* _What you are asked to do_
Starting at the line that contains "Riding with an", copy every line to the end of the material below exactly, and omit the pictures.

* _Exercise materials_
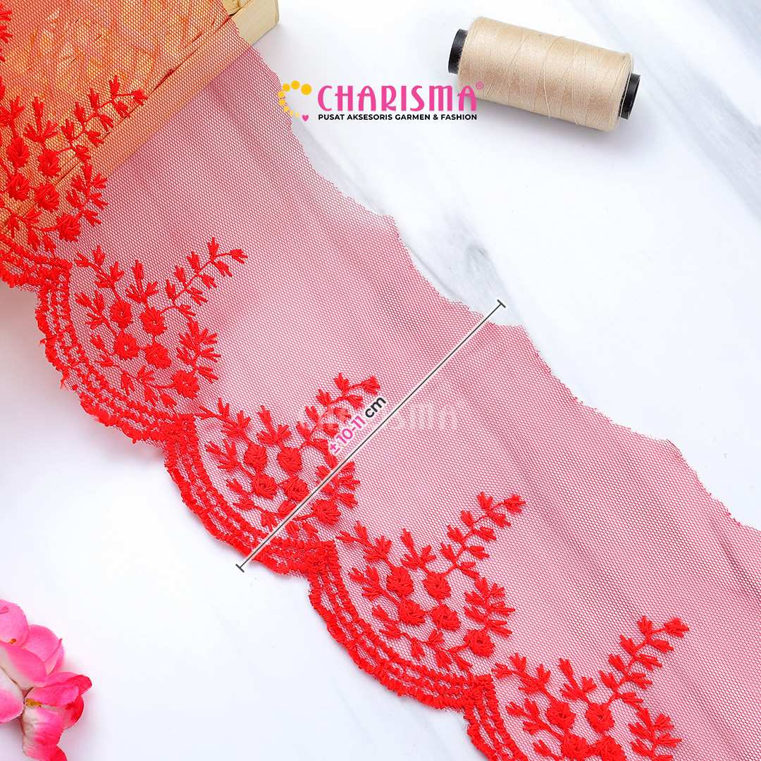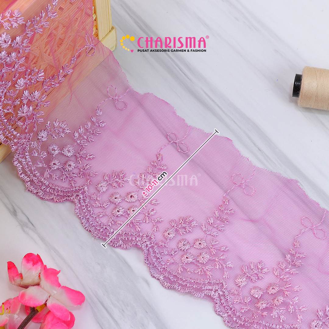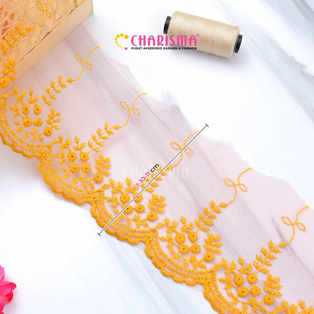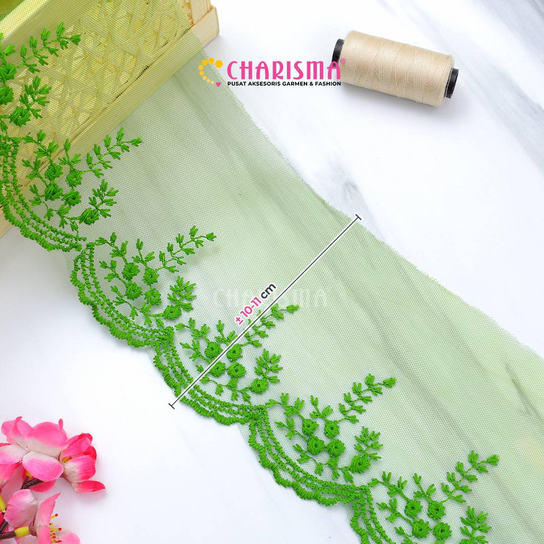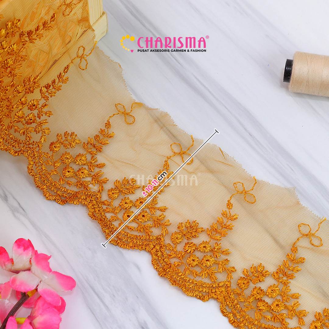 Bahan tulle yang ringan dan transparan, renda ini memberikan tampilan yang lembut dan anggun pada setiap proyek yang diaplikasikan.
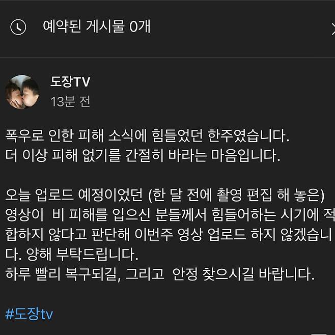 도경완은 "오늘 업로드 예정이었던 (한 달 전에 촬영 편집 해놓은) 영상이 비 피해를 입으신 분들께서 힘들어하는 시기에 적합하지 않다고 판단해 이번주 영상 업로드 하지 않겠습니다. 양해 부탁드립니다"라고 설명했다.
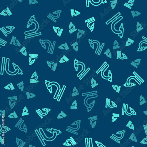 Green line Microscope icon isolated seamless pattern on blue background. Chemistry, pharmaceutical instrument, microbiology magnifying tool. Vector Illustration
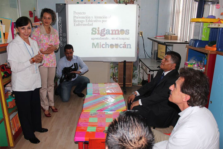 Más de dos mil niños y adolescentes que padecen enfermedades crónicas y de otro tipo, que los imposibilitan a acudir a las escuelas regulares, fueron atendidos por la Secretaría de Educación en Michoacán a través del Programa Sigamos Aprendiendo en el Hospital, que fue supervisado por el titular de Educación, J. Jesús Sierra Arias en el Hospital Infantil "Eva Sámano de López Mateos".
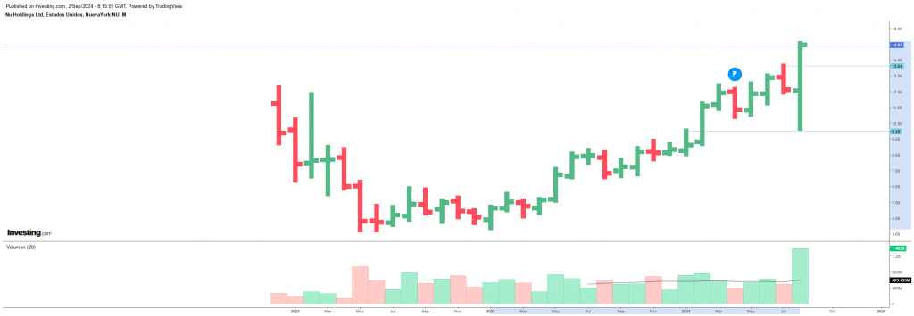 Acción que empezó a cotizar en 2021, dentro del sector tecnológico se dedican a la banca digital. Ha subido un 363% desde enero de 2023. En agosto 2024 ha roto máximos haciendo una envolvente en la gráfica mensual con una bajada hasta valores muy claros de soporte y resistencia de enero de 2024.
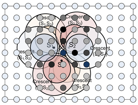 We now walk through the WBG algorithm (Algorithm 1) for an example of three SNs and two GWs, when , as illustrated in Figure 7. The capture circle and ICD circle for any ordered pair of SNs are calculated and we get the crescent region where the GW can decode both collided packets sent by the pair of SNs with capture effect and IC method, as shown in Figure 7a. In Figure 7b–d, the OPs are generated by the crescents corresponding to groups of sensor pairs and , and , and , and and and , and , respectively, such as in Figure 7b. Because there are too many OPs in the example, some of them are omitted here. As an example of weight calculation, in Figure 7b is on the boundary of two decoding crescents, which gives two edges each with weight . can also be located (it is not labeled) in Figure 7a, where it can be seen that is strictly inside the ICD circle of and also inside the capture circle of . Therefore, gains an additional weight of , for total weight of .
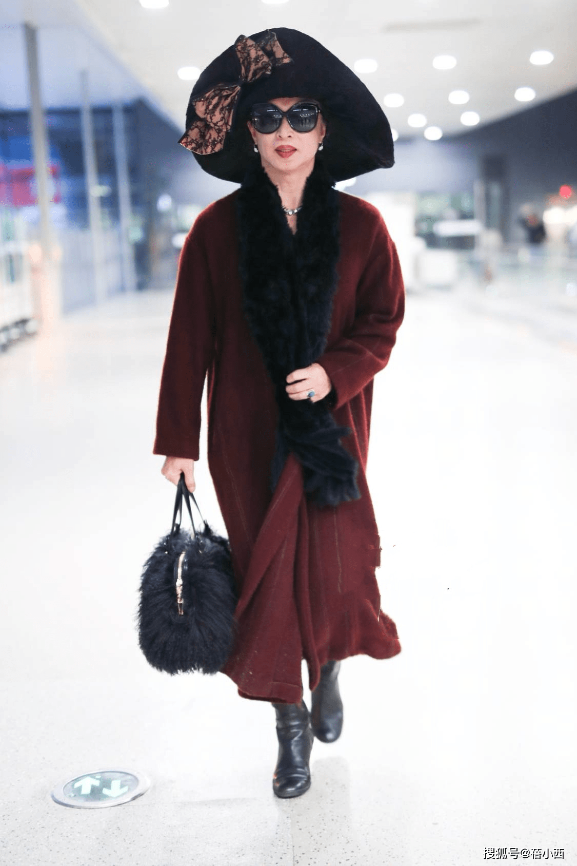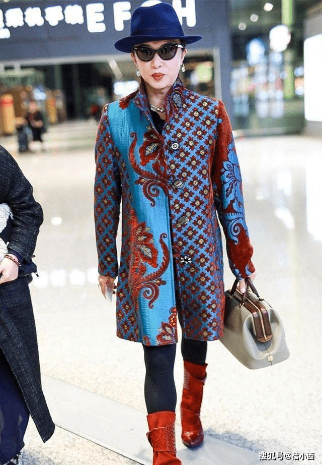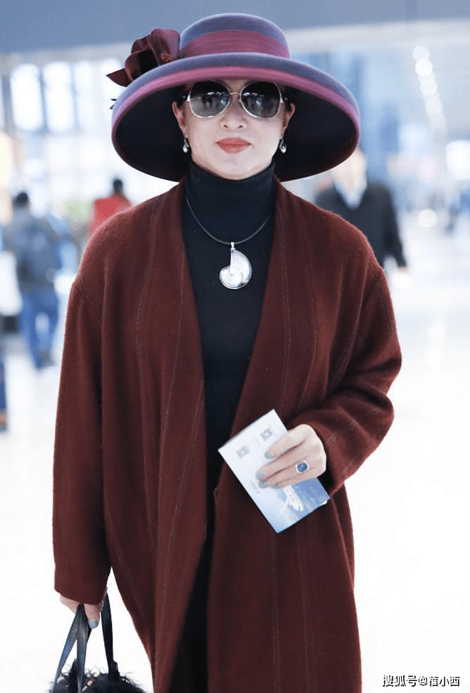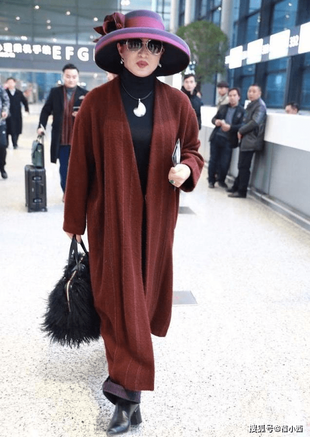 — “金星”机场穿搭引人注目,红色大衣和紫色帽子的搭配尽显高贵贵妇风范 —
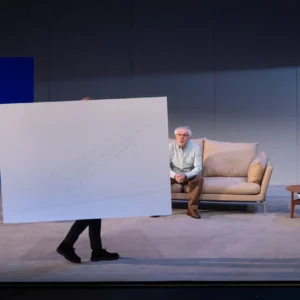 François Morel : C’est très clairement une pièce sur l’amitié. Ce sont des amis de quinze ans joués par des amis de trente ans ! L’art contemporain est un prétexte, le révélateur d’une relation qui, entre eux, a évolué. Serge, interprété par Olivier Broche, médecin dermatologue et amateur d’art, il vient d’acheter un tableau entièrement blanc. Marc, ingénieur dans l’aéronautique, que je joue, trouve qu’il s’agit d’une « merde blanche ». Il a quelque chose d’Alceste, intransigeant, peu enclin à épouser les nouveautés de son époque. Yvan, incarné par Olivier Saladin, est partagé. Il ne déteste pas. Aime-t-il vraiment ? Son parcours professionnel est plus approximatif. il est surtout préoccupé par d’autres soucis personnels, s’initie à la papeterie et à la vie matrimoniale. L’amitié peut-elle résister au temps qui passe ?
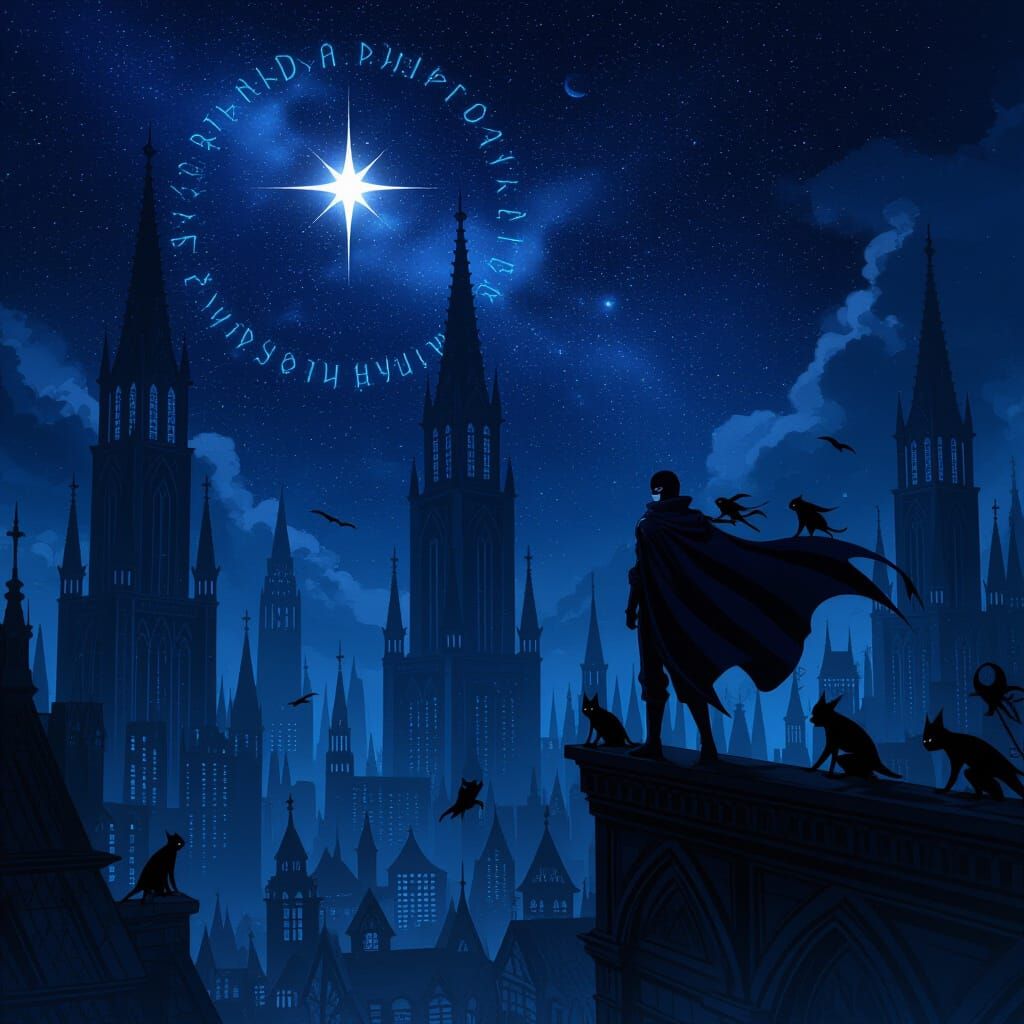 This image depicts a dark anime fantasy city with gothic towers under a starry sky. Luminous runes float around shadowy creatures, and a masked vigilante stands on a spire, rendered in a dramatic art style with deep blues and purples.
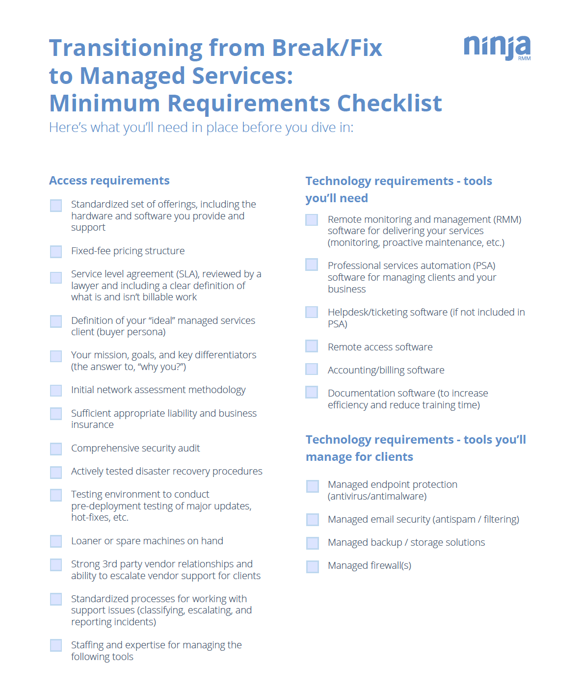 Passer d’un service de type Break/Fix aux services gérés n’est pas une mince affaire. Pour vous aider à comprendre ce que cela implique, voici une check-list des éléments essentiels à mettre en place avant de franchir le pas. Cliquez sur l’image de la check-list ci-dessous pour la télécharger au format PDF.
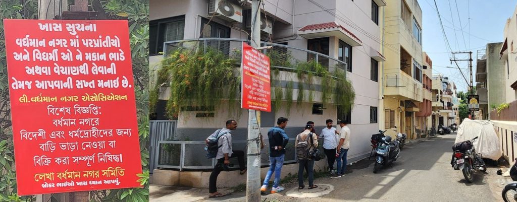 રાજકોટનાં પેલેસ રોડની પાછળ આવેલા રાજકોટના વર્ધમાનનગર વિસ્તારમાં હાલ તંગદિલીનો માહોલ જોવા મળી રહ્યો છે. સ્થાનિક રહીશો દ્વારા પોતાના વિસ્તારમાં બેનરો લગાડવામાં આવ્યા છે, જેમાં વિધર્મી અને પરપ્રાંતિ લોકોને મકાન ભાડે કે વેચાણથી નહીં આપવાની અપીલ કરવામાં આવી છે. આ બેનરોએ શહેરભરમાં ચર્ચા જગાવી છે.વર્ધમાનનગરના રહીશોનો આક્ષેપ છે કે, વિસ્તારમાં પરપ્રાંતિ લોકો ઘરો ભાડે રાખીને ઔદ્યોગિક એકમો ચલાવી રહ્યા છે.
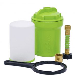 [wc_row][wc_column size=”one-half” position=”first”] [/wc_column][wc_column size=”one-half” position=”last”]We filter our water three times, starting with this DirtGuard filter by Clear2O. Our first week as RVers, we hooked up our motorhome to water, turned on the faucets, and brown sludge spewed from the pipes. Fortunately, we had clean water stored in our fresh tank because there was no way we could drink that water!
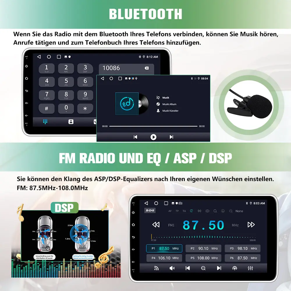 Android 8.8 Zoll AutoRadio 4G+64G für BMW 1 Serie E81 E82 E87 E88 2005-2012 mit ClC system Built in Carplay/Android Auto SWC BT AM/FM
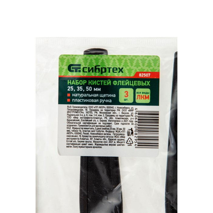 Набор Сибртех 82507 включает 3 флейцевые кисти шириной 25, 35 и 50 мм из светлой натуральной щетины, с пластиковыми ручками, предназначенные для проведения малярных работ. Узкие кисти оптимальны для окрашивания мелких деталей и работы в труднодоступных местах.ПреимуществаВысокое качество выполняемых работ — щетина HANKOW прошла двойную выварку и не содержит посторонних включений.Универсальность — кисти не боятся воздействия растворителей и могут использоваться с ЛКМ любого типа.Эффективная работа — ТОПС (плотность пучка) кистей составляет не менее 70, поэтому они хорошо набирают и удерживают краску.Удобная сушка и хранение — в рукоятках имеются отверстия для подвешивания кистей на крючок или гвоздь.
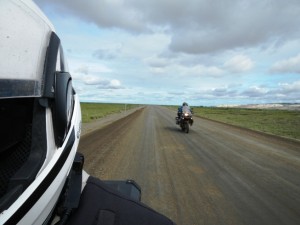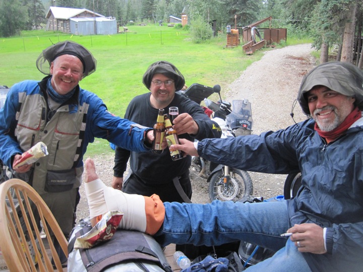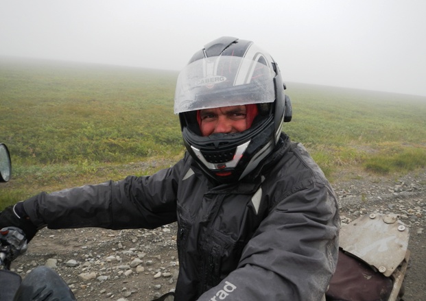 Riding with an injured rider on a battered bike in the middle of the Alaskan wilderness; rain and a cold wind swirling about us; mist that had closed in and reduced visibility down to just a few yards in places; huge juggernauts that thundered up behind us and then overtook , spraying us with mud and stones…
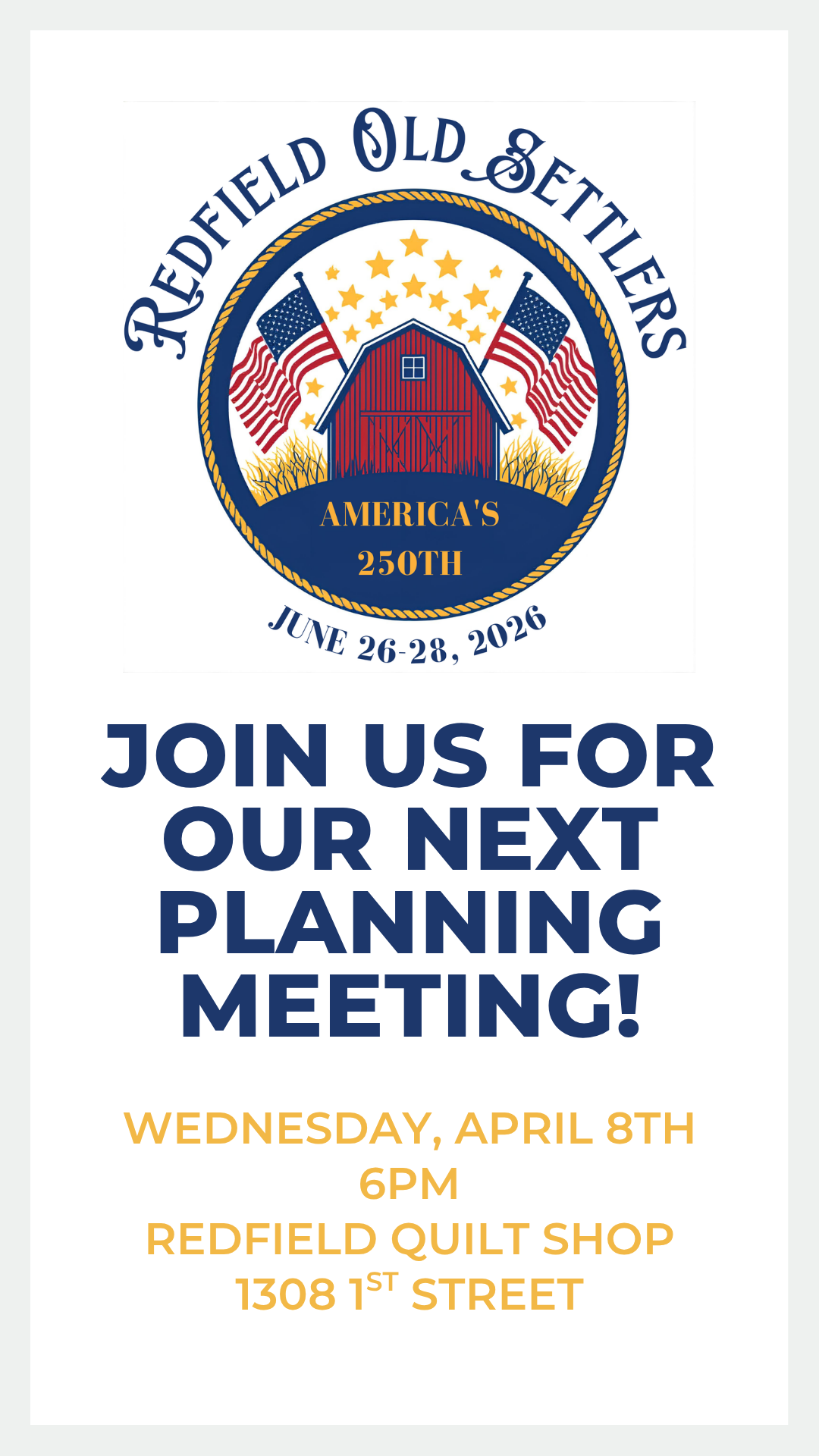 Join us for our next planning meeting on Wednesday, April 8, 2026, at 6:00 PM at the Redfield Quilt Shop, located at 1308 1st Street in Redfield, Iowa.

* _Task solution_
 Riding with an injured rider on a battered bike in the middle of the Alaskan wilderness; rain and a cold wind swirling about us; mist that had closed in and reduced visibility down to just a few yards in places; huge juggernauts that thundered up behind us and then overtook , spraying us with mud and stones…
 Join us for our next planning meeting on Wednesday, April 8, 2026, at 6:00 PM at the Redfield Quilt Shop, located at 1308 1st Street in Redfield, Iowa.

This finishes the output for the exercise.